Increasing the client_timeout in ~/.cassandra/cqlshrc has never worked for us, and even if it did it's probably not a good idea to let developers run 10 minute queries against production. :)
And since this a production cluster, developers do not have ssh access to the servers to run "nodetool" locally on the servers.
Running "nodetool" remotely requires enabling remote JMX and applying JMX security. That seems a little much just to get an estimate of a table size. Is there anything dangerous someone could do with that JMX access?
Are there any other options at all to get any kind of estimate of the number of rows in a table?
Thanks!
Upvotes: 0
Views: 911
Reputation: 176
You could try exporting the table to a csv then just doing a line count of the csv. This isn't ideal performance-wise, but it won't time out like count does.

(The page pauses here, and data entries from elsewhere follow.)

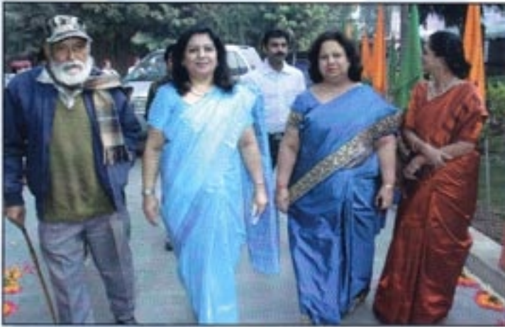
With the Chief Guest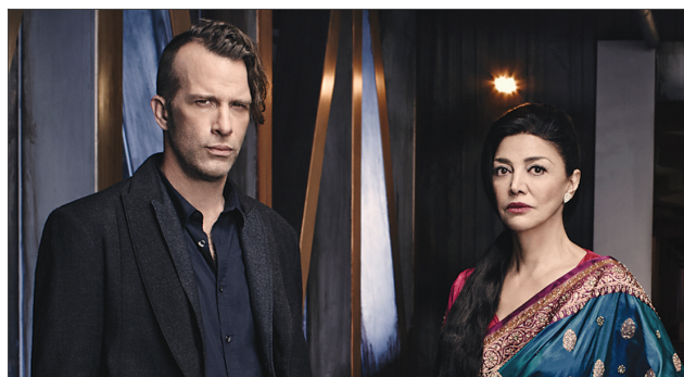
Thomas Jane and Shohreh Aghdashloo star in "The Expanse"

Alongside Jane and Strait, the ensemble includes Oscar-nominated and Emmy-winning actress Shohreh Aghdashloo ("House of Sand and Fog," 2003), Chad L. Coleman ("The Walking Dead," "The Wire"), Wes Chatham ("The Help," 2011), Gemini Award nominee Cas Anvar ("The Tournament") and Dominique Tipper ("Vampire Academy," 2014).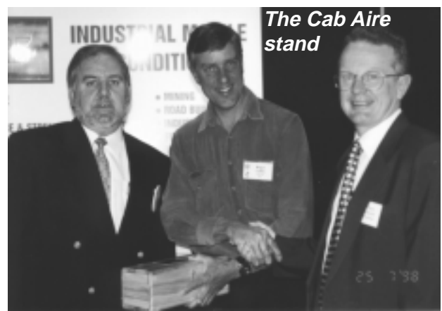
The Cab Aire stand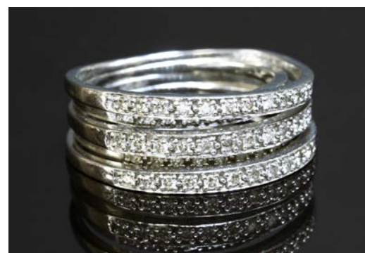
Lot 668 A 9ct white gold five row diamond band ring, with three raised, staggered rows, all grain set with brilliant cut diamonds. Marked .50, believed to be the known total diamond weight. 6.11g. Finger size O £180 - 250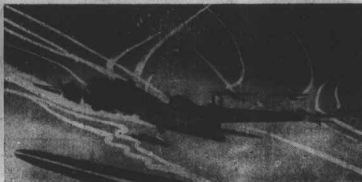
ON THE SKY TRAIL. U.S. bombers fly out to blast enemy territory.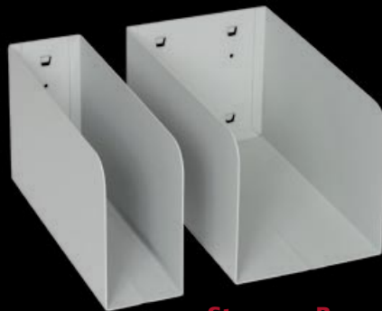
Storage Box 3" & 6"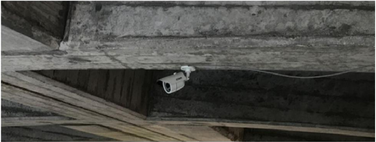
Wireless solar powered cameras used on California and Pennsylvania scour critical bridges.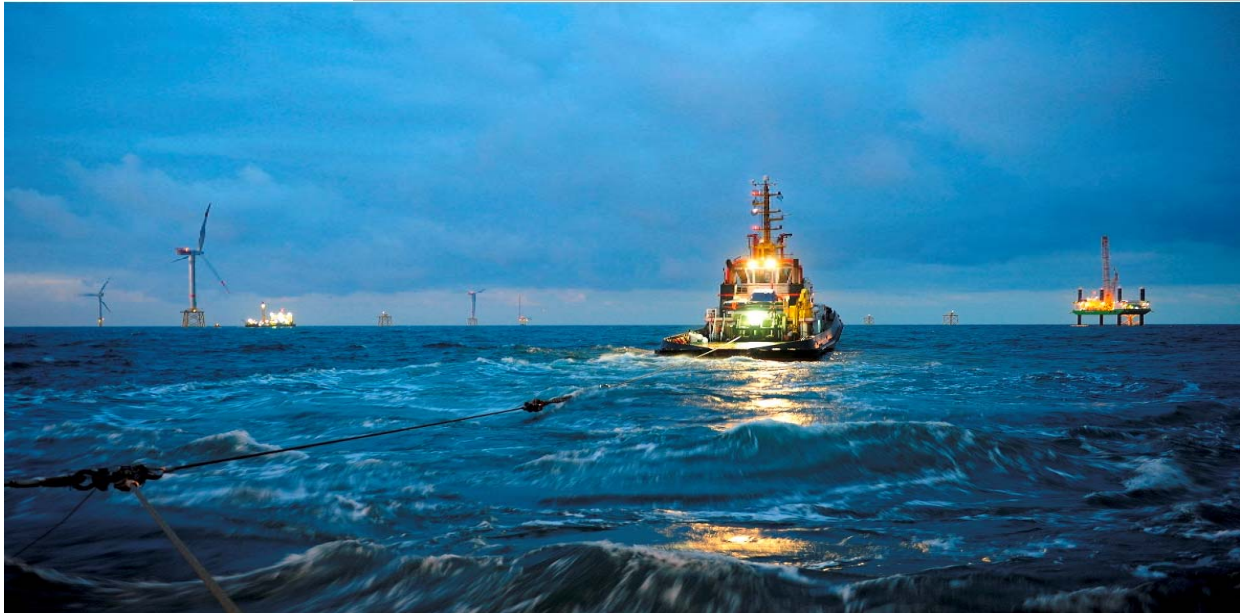
Hamburg offshore wind

The majority of the products used tonight are regional products, as a way of helping to ensure that the conference is carbon neutral.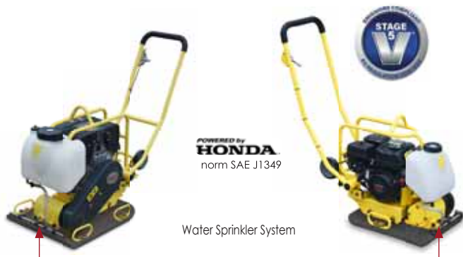
Water Sprinkler System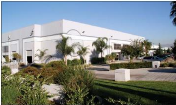
Examples of appropriate developments in the Commercial/Industrial Business Park zone.

Main Street/Interstate-15 District and Highway 395/Interstate-15 District provide enhanced vehicular, truck and rail accessibility by taking advantage of their location along the Interstate-15 corridor with its connection to Highway 395, and its linkage to the Southern California Logistics Airport (SCLA). In the Industrial District, along I Avenue, this zone serves as a transition from residential and other commercial uses.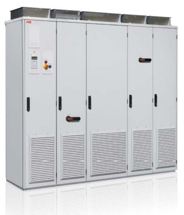
ABB central inverters raise reliability, efficiency and ease of installation to new levels. The inverters are aimed at system integrators and end users who require high performance solar inverters for large photovoltaic power plants and industrial and commercial buildings. The inverters are available from 100 kW up to 630 kW, and are optimized for cost-efficient multimegawatt power plants.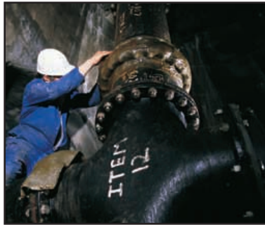
being overwrapped with Denso Tape...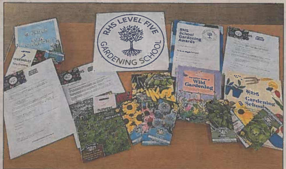
The horticulture department has been awarded the RHS Gardening for Schools Award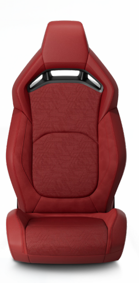
Nappa Leather outer bolsters and Suede inner bolsters and Live Wire Embossment with Axis II Suede inserts with Header Red and Red accent stitching. Available in Black or Demonic Red. Available with Carbon & Suede Package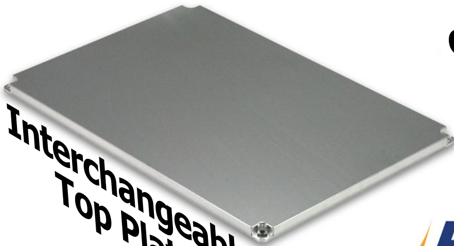
Interchangeable Top Plates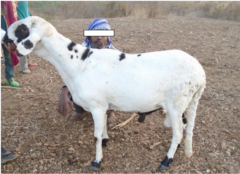
Fig2. Typical Begait ram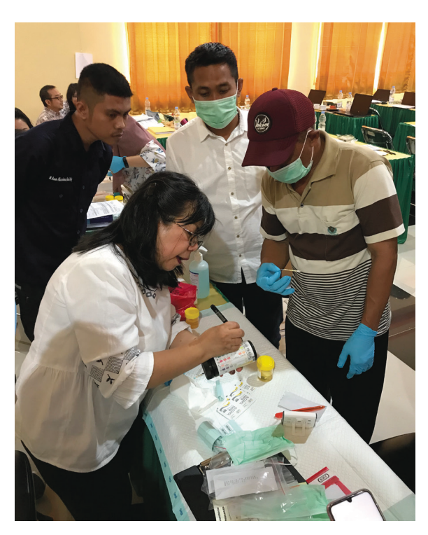
Photo: INA-RESPOND Laboratory Director conducting training at local health centers in Indonesia prior to the COVID-19 pandemic.

A significant proportion of Indonesia's clinical research is conducted by the Indonesia Research Partnership on Infectious Disease (INA-RESPOND) network, a collaborative partnership between NIAID, the Indonesia National Institute of Health Research and Development (NIHRD), and 19 large hospitals and medical facilities across 8 major islands of the archipelago. The network was formed in 2010 in response to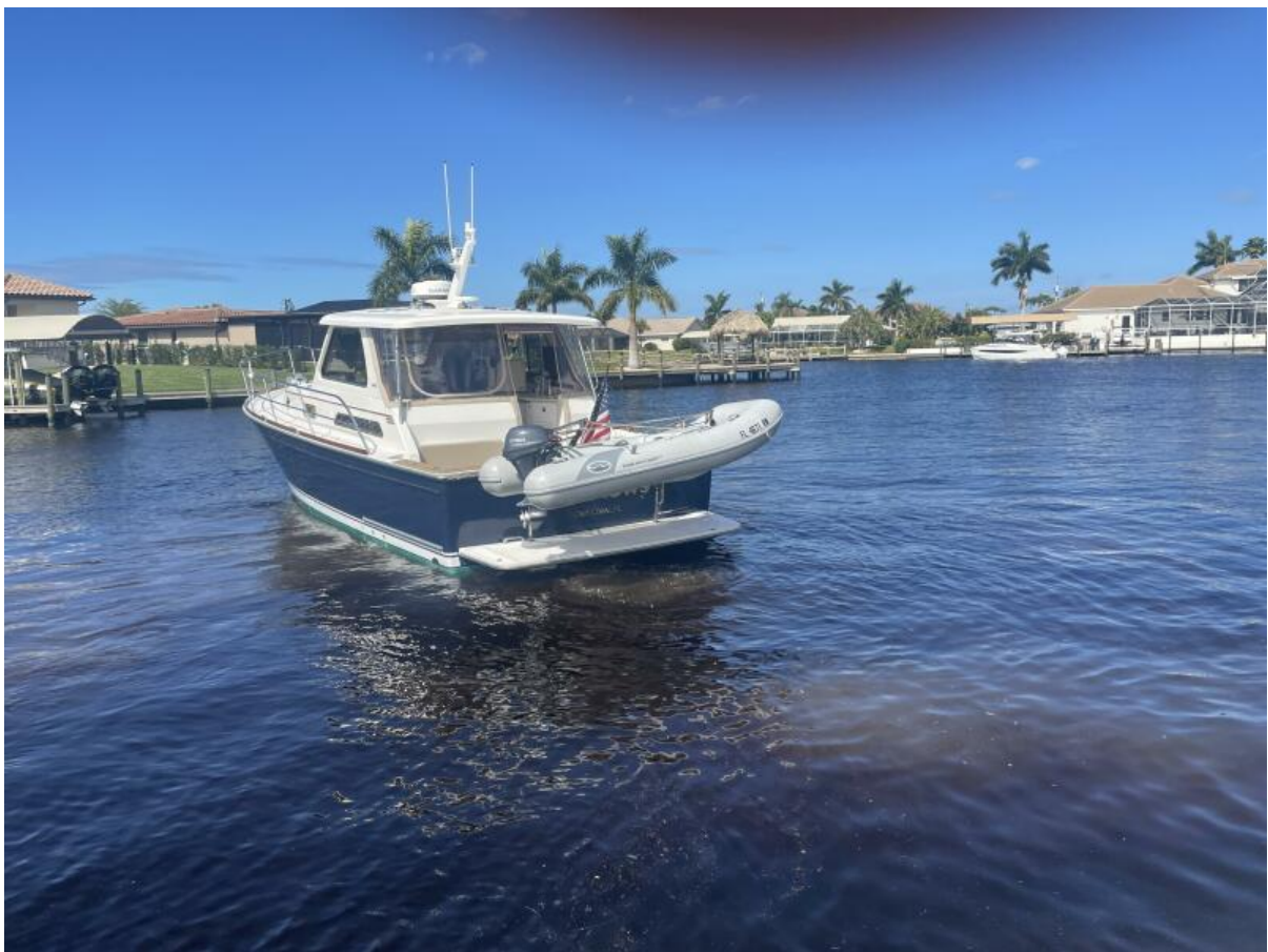
2006 - 38' Sabre Express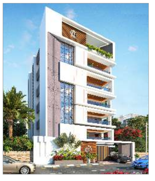
ISTA @ 138 KAKATEEYA HILLS, HYDERABAD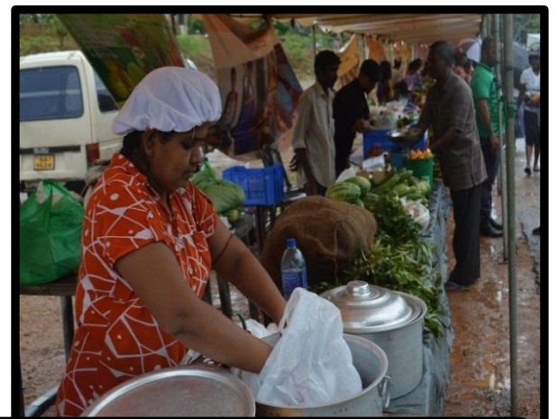
ස්භාවික පොහොර භාවිතා කරන ඵලවත් නිෂ්පාදනය උනන්දු කර වීමේ වැඩ සටහන இயற்கை முறையில் சேதனப்பசளை பயன்படுத்தி மரக்கறிகளை உருவாக்கும் முறைகளை ஊக்குவிக்கும் நிகழ்வு முன்னெடுப்பு Innagural of Encouraging on Natural Agriculture Farming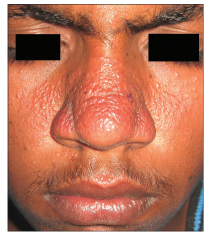
Figure 1: Erythematous papulovesicular lesions overlying a background of diffuse erythema and hyperhidrosis on the dorsum and alae of the nose, cheeks, glabella, and philtrum

The diagnosis of GRN is primarily clinical owing to its distinctive morphology. Clinical differential diagnoses include eccrine hidrocystoma and inflammatory or photosensitive dermatoses such as rosacea, perioral dermatitis, and lupus erythematosus. Multiple eccrine hidrocystoma of the Robinson-type simulate GRN clinically with the presence of multiple translucent, dome-shaped papules on the periorbital and malar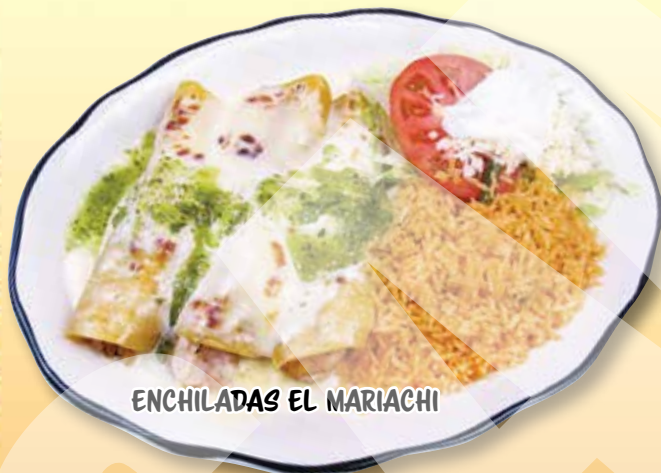
ENCHILADAS EL MARIACHI

Three enchiladas, one filled with chicken, one with ground beef and one cheese, covered with chipotle sauce. Served with rice, lettuce, sour cream and tomatoes. 11.99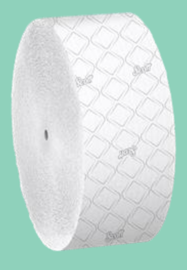
Scott Essential® Coreless Jumbo Roll Tissue (07006)

COPY table_name TO filename_or_path.csv;
For more information on copy see: http://docs.datastax.com/en/cql/3.1/cql/cql_reference/copy_r.html
Another, more "estimative" option if you are running datastax cassandra is to install OpsCenter on to one of the nodes, which will create a UI you can expose to the developers that has a lot of useful metrics and health status. I don't think it has number or rows directly, but it does have the amount of data which could be divided by the average row size if you know this value.
http://www.datastax.com/products/datastax-enterprise-visual-admin
*EDIT: I just realized the link above is for the enterprise edition of OpsCenter, but does include a description of it. There is (or at least was) a community edition available as well.